VP9 is technologically held to be pretty comparable to HEVC. Netflix did some extremely comprehensive tests, leveraging their access to serious cloud computing resources to run a huge matrix of comparisons across a lot of material from their archives. HEVC apparently does slightly better in some situations, but VP9 has some extra tricks which lend it a slight edge on very high-resolution material. Netflix loves to push the boat out as regards resolution and it presumably spends a very, very large amount of money on network bandwidth.
Likewise Google and YouTube. To some extent this makes Google look like a benevolent dictator, although VP9 has enjoyed either adoption or at least some interest from all the big players except Apple. Encoding is offered by a lot of cloud services and the decoder is available (assuming the VP9 is distributed as a WebM file) in Opera, Firefox and Edge, bits of Wikipedia, and various things from Google beginning with Chrome, but not in Safari. Given the patent pandemonium over HEVC and the attention enjoyed by VP9, Apple’s studied disinterest might end up succumbing to force majeure.
Almost inevitably, people have started patent rumblings regarding VP9. Sisvel, based in Luxembourg, subtitles itself “we protect ideas” and it seems set up purely to deal in patent portfolios. In early May 2019, Sisvel was claiming to have assembled patent pools which would be relevant to VP9 and its successor AV1 but had not published information on which patents it’s actually referring to. It had, to be fair, been clear that devices would attract a licensing fee but distributing content would not, which is the possibility that originally frightened H.264 users (that is, roughly everyone.)

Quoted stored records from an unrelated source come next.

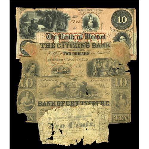 <B>Four Scarce Notes.</B></I><BR><B>Port Hudson, LA- Postmaster of Port Hudson</B></I> 10¢ ?, 1862 <B>Fair</B></I><BR><B>Gettysburg, PA- Bank of Gettysburg</B></I> $10 Mar. 13, 1855 S5 <B>Fair</B></I><BR><B>Weston, VA- Bank of Weston</B></I> $10 18__ G4a Jones BW15-10 Remainder <B>VG,</B></I> edge splits<BR><B>Oshkosh, WI- Citizens Bank</B></I> $2 Oct. 2, 1857 G8a <B>Fair,</B></I> PC.<BR>The Gettysburg and Oshkosh notes are listed as SENC in Haxby. Also included in this lot are 28 pages of a counterfeit detector sans cover dated June 11, 1856. Interesting and useful Obsolete note information can be gleaned from its pages. <I>There will be no returns on this lot for any reason.</B></I> <BR><BR><B>Importa
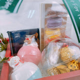 - Gift Box includes: Deer Bath Bomb (Rose) x1, Snowman Bath Bomb (Lime& Coconut) x1, Chocolate Ball x1, Ritter Sport Chocolate Bar x1, French Macarons (5pcs) x1
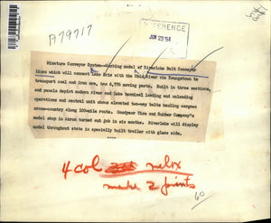 1954 Press Photo Miniature Conveyor System--working model of Riverlake
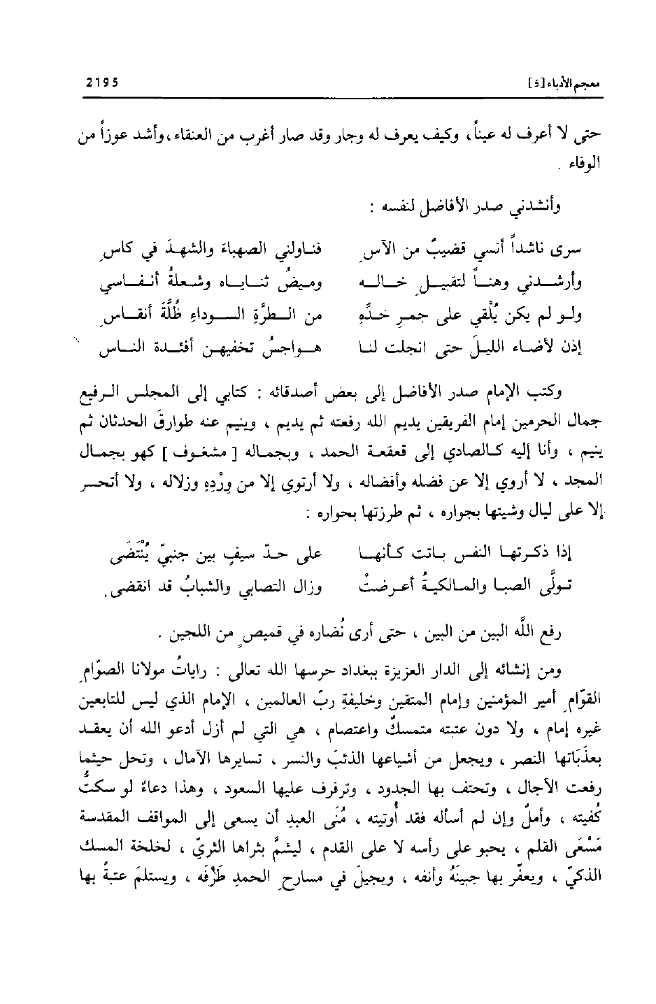 ومن إنشائه إلى الدار العزيزة ببغداد حرسها الله تعالى: رايات مولانا الصوّام القوّام أمير المؤمنين وإمام المتقين وخليفة ربّ العالمين، الإمام الذي ليس للتابعين غيره إمام، ولا دون عتبته متمسك واعتصام، هي التي لم أزل أدعو الله أن يعقد بعذباتها النصر، ويجعل من أشياعها الذئب والنسر، تسايرها الآمال، وتحل حيثما رفعت الآجال، وتحتف بها الجدود، وترفرف عليها السعود، وهذا دعاء لو سكتّ كفيته، وأمل وإن لم أسأله فقد أوتيته، منى العبد أن يسعى إلى المواقف المقدسة مسعى القلم، يحبو على رأسه لا على القدم، ليشمّ بثراها الثريّ، لخلخة المسك الذكيّ، ويعفّر بها جبينه وأنفه، ويجيل في مسارح الحمد طرفه، ويستلم عتبة بها
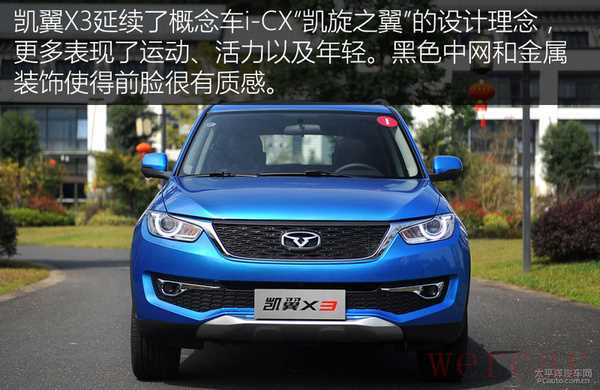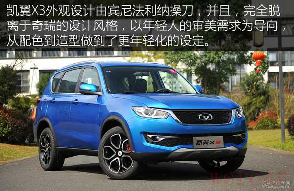 凯翼X3的外观设计聘请了宾尼法利纳(Pininfarina)的首席设计师罗威•维赫米斯赫操刀,虽然与瑞虎3同一平台,难免在车身轮廓和结构上有相似的地方,但两款车在外观上的差异还是很明显的。凯翼X3更突出年轻化的特点,定位也以年轻消费群体为主,与稍显平庸的瑞虎3形成了鲜明的对比。

The outcome of that remains to be seen; it was presumably the intention of Google to avoid patent exposure by buying VP9 and owning all the relevant patents itself, or at least entering into a reciprocal agreement with other patent holders not to charge for their use in VP9. If AV1 turns out to be what we all hope it will be, things will improve further. In the meantime, enjoy the fact that high-resolution video is now available on your (Android) cellphone using rather less bandwidth than before.